------ Supplied information

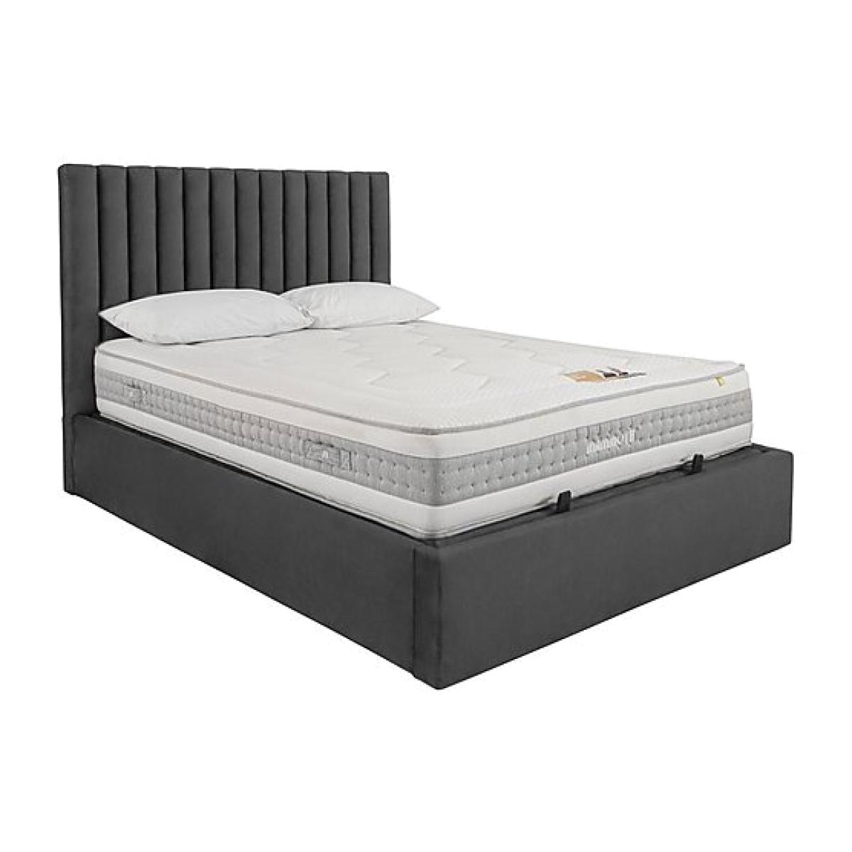 Please note: this clearance item has limited stock and is subject to availability. Rest up in regal style with the Ramos ottoman bed frame. Its beautiful fluted headboard pairs with spacious underbed storage perfect if youre short on space or have a large shoe collection. Why you'll love it Grand bedframe with space- saving underbed storage. Sleek contemporary style with a classic silhouette. Fluted headboard. Available in a double bed size. Exclusive to Furniture Village. What you need to know Mattress not included. Piston- assisted lift mechanism for easy- access storage. Clean weekly using a soft brush or vacuum with the curtain attachment. Annual professional cleaning is recommended. Some fabrics can show wear on areas of more use or in direct sunlight.
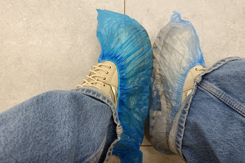 После нанесения жирного крема на стопы, чтобы не пачкать носки и постельное белье, можно надеть бахилы. Они и усилят действие крема, и защитят от жирных пятен вещи. Если нет шапочки для окрашивания волос или нанесения маски, бахила заменит и ее.
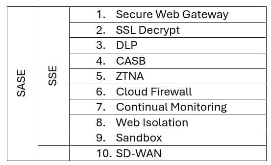 Para cumplir con el framework de SSE y SASE se debe contar con las siguientes soluciones de seguridad en el entorno corporativo.
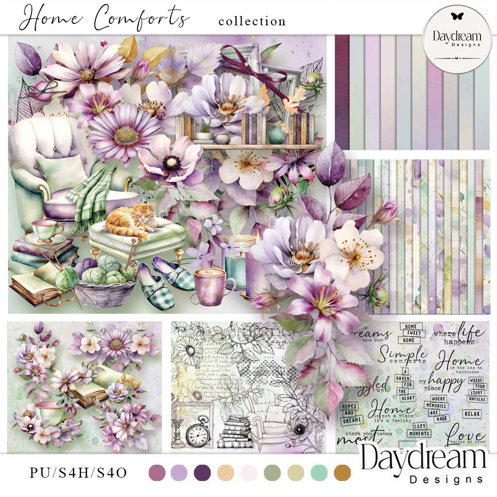 The "Home Comforts Collection celebrates the little things that make life beautiful. It is a gentle reminder of the home's cosy, serene, and nurturing atmosphere, a place to cherish family moments and the small joys that make a house a special place, A retreat from the world and a place where our most cherished memories are made.The Home Comforts digital scrapbook series includes plenty of flowers, foliage, and coordinating papers. It is also suited for cards, invitations and gift tags and is perfect for incorporating into your digital art pages or journals.
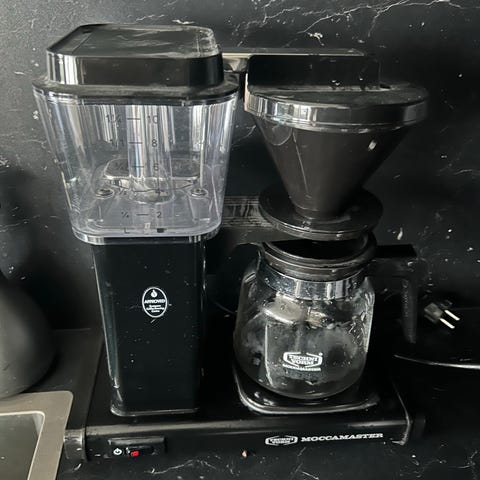 Moccamaster Cup-one kaffetrakter i svart utførelse. Modellen er beregnet for brygging av én kopp kaffe direkte i medfølgende kopp eller annen passende beholder. Kaffetrakteren har enkel av/på-bryter på fronten og kompakt design som tar liten plass på benken. Passer godt til bruk på kjøkken, kontor eller andre steder der det er behov for å brygge én kopp kaffe om gangen.
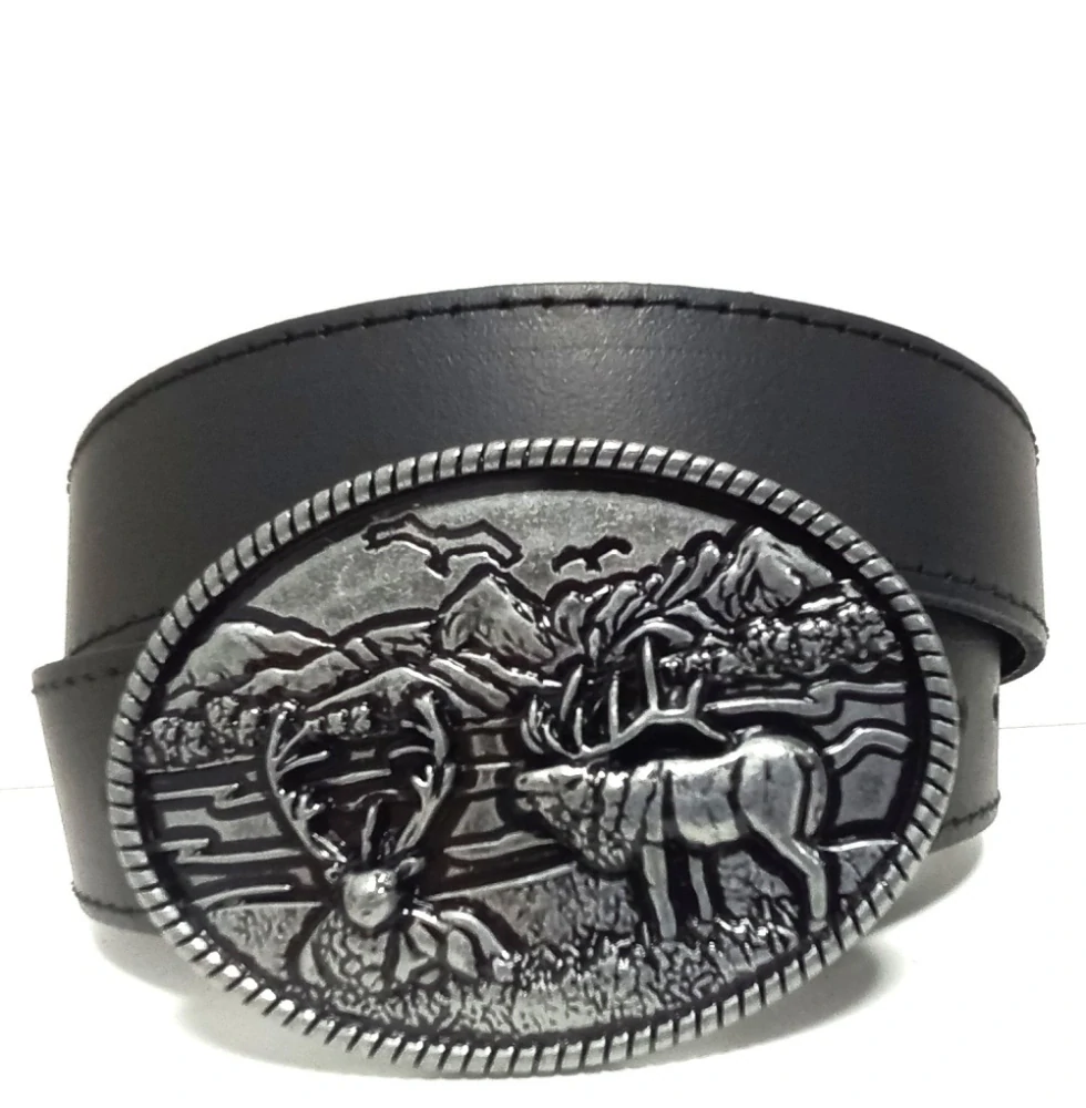 Čierny opasok z hovädzej kože s poľovníckou prackou jelene.
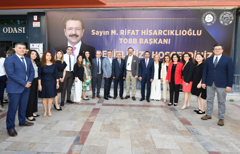 TOBB Başkanı Hisarcıklıoğlu’na Önceki Dönem TBMM Başkanlarından Cemil Çiçek ile Kredi Garanti Fonu (KGF) Yönetim Kurulu Başkanı Erdoğan Özegen’in yanı sıra TOBB Yönetim Kurulu Üyeleri Aydın Ticaret Odası Başkanı Hakan Ülken ile Uşak Ticaret ve Sanayi Odası Yönetim Kurulu Başkanı Suat Selim Kandemir, TOBB Gümrük ve Turizm İşletmeleri (GTİ) AŞ Yönetim Kurulu Başkanı M. Arif Parmaksız ile GTİ Başkan Vekili Ankara Ticaret Odası Başkanı Gürsel Baran, GTİ Yönetim Kurulu üyeleri Sakarya Ticaret ve Sanayi Odası Yönetim Kurulu Başkanı A. Akgün Altuğ, Manisa Ticaret ve Sanayi Odası Yönetim Kurulu Başkanı Mehmet Yılmaz, Polatlı Ticaret Odası Yönetim Kurulu Başkanı Ulvi Sakarya, Amasya Ticaret Ve Sanayi Odası Yönetim Kurulu Başkanı Murat Kırlangıç, Türkiye Odalar ve Borsalar Birliği Genel İdare Kurulu (GİK) üyelerinden Odalar ve Borsalar Birliği Başkan Danışmanı ve Önceki Dönem Gıda, Tarım ve Hayvancılık Bakanı Kutbettin Arzu ile Trabzon Ticaret ve Sanayi Odası Meclis Başkanı Mustafa Şadan Eren ve TOBB’un üyeler ve hizmetleriyle ilgili müdürleri eşlik etti. Toplantıya katılanlar arasında Denizli Büyükşehir Belediye Başkan Vekili Av. Ali Değirmenci, Pamukkale Üniversitesi Rektörü Prof. Dr. Ahmet Kutluhan, Denizli Cumhuriyet Başsavcısı Burhan Bölükbaşı, Denizli Ticaret Borsası Başkanı İbrahim Tefenlili, Acıpayam Ticaret Odası Başkanı Hasan Kayhan, Babadağ Ticaret Odası Başkanı Fatih Karakurt, Buldan Ticaret Odası Başkanı Halil Baştürkmen, Sarayköy Ticaret Odası Başkanı Orhan Dikici, Tavas Ticaret Odası Başkanı Saffet İnamlık, Denizli Ticaret Odası Yüksek İstişare Kurulu üyeleri, TOBB Denizli İl Kadın Girişimciler Kurulu İcra Komitesi üyeleri ile TOBB Denizli İl Genç Girişimciler Kurulu İcra Komitesi üyeleri de yer aldı.
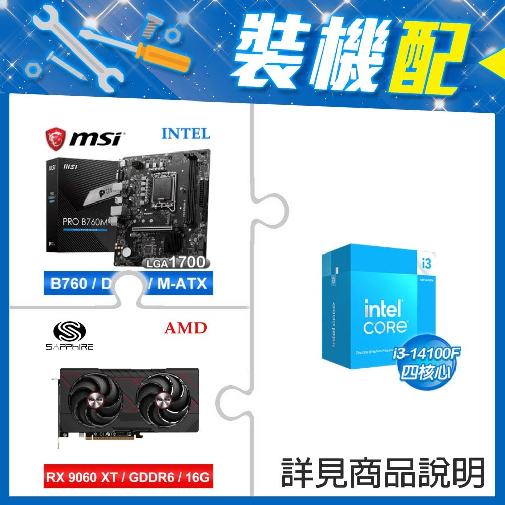 ☆裝機配★ i3-14100F+微星 PRO B760M-E D5 MATX主機板+藍寶石 PULSE 脈動 RX 9060 XT GAMING OC 16GB 顯示卡
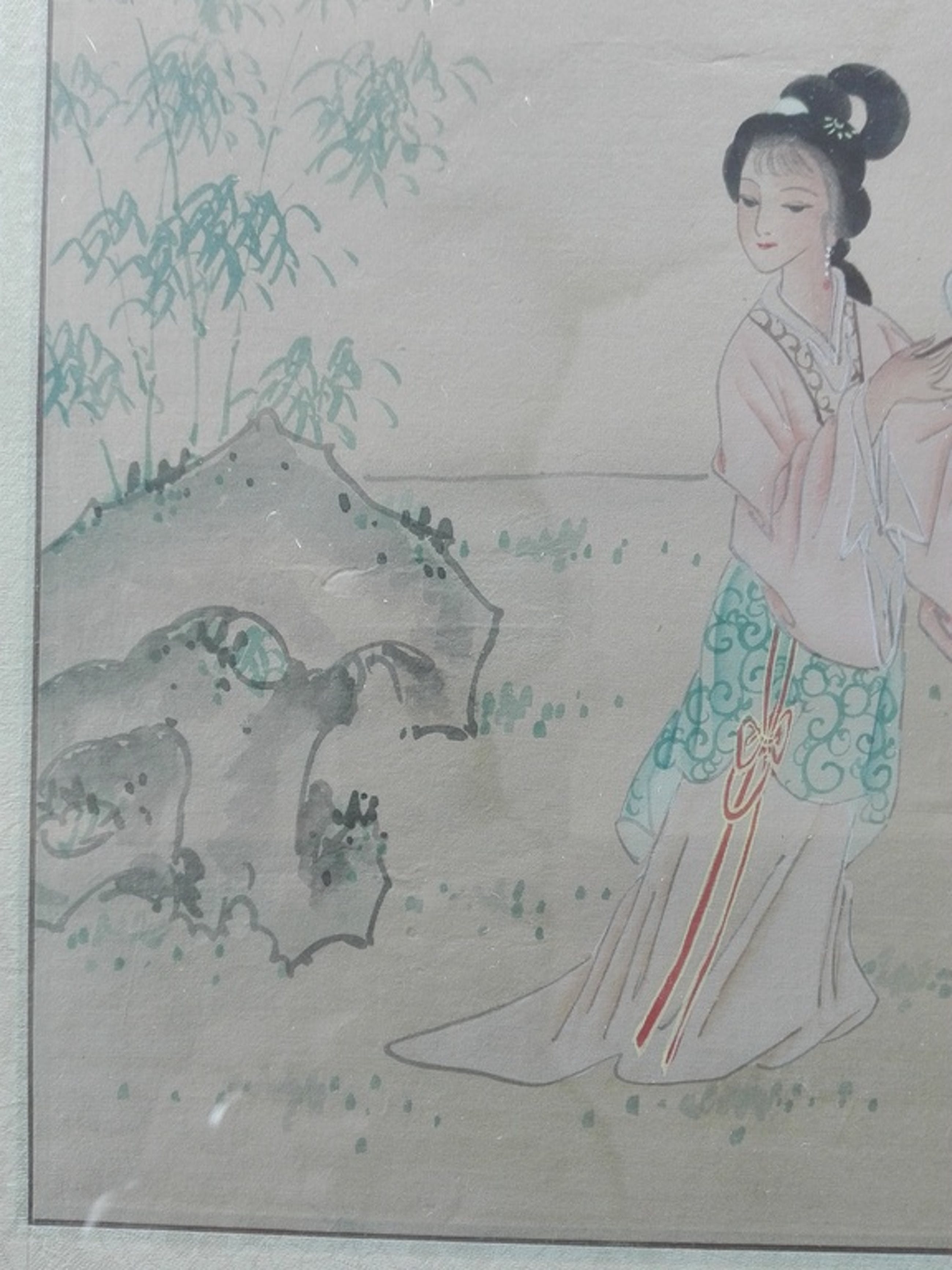 Zéér mooie aquarel op zijde van hoge kwaliteit. Prachtige details en kleurgebruik.
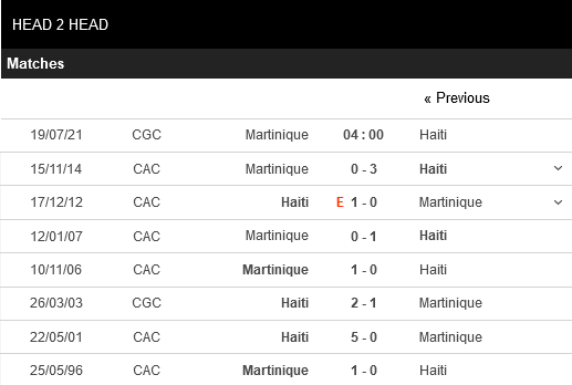 Haiti đã chơi 2 trận đấu chắc chắn cho đến lúc này và có lẽ đủ khả năng để đánh bại Martinique. Dù hàng công Haiti không hẳn mạnh nhưng chắc chắn họ có thể vượt qua một đội bóng đã thủng lưới 10 bàn thua từ 17 cú sút trúng đích trong 2 lượt trận đã qua.
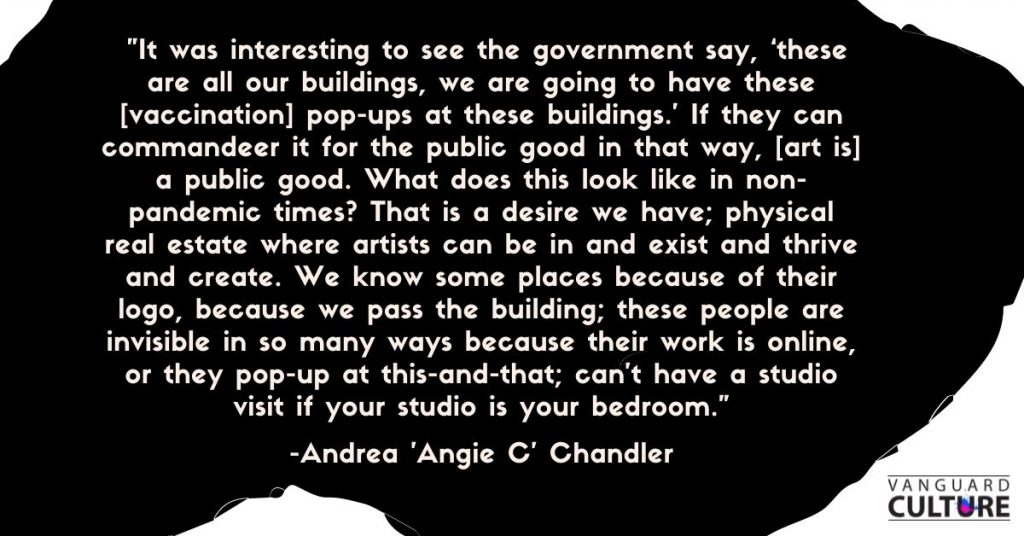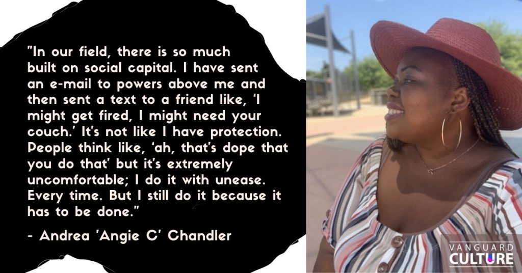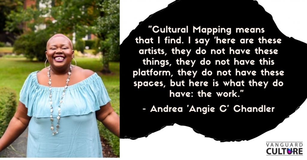 Andrea ‘Angie C’ Chandler is a fire-starter; a self-lit woman committed to illuminating historically excluded art and artists. Like a campfire, Chandler’s energy both draws people together and drives away the darkness. Based on her arts resume in San Diego, it scarcely seems possible that she only arrived in the city in January 2020.

------------

### Task requirements
In the listing above, find the line with "После нанесения жирного" and the line with "Para cumplir con". Copy both of them and every line between, exactly, but not the pictures.

### Task result
 После нанесения жирного крема на стопы, чтобы не пачкать носки и постельное белье, можно надеть бахилы. Они и усилят действие крема, и защитят от жирных пятен вещи. Если нет шапочки для окрашивания волос или нанесения маски, бахила заменит и ее.
 Para cumplir con el framework de SSE y SASE se debe contar con las siguientes soluciones de seguridad en el entorno corporativo.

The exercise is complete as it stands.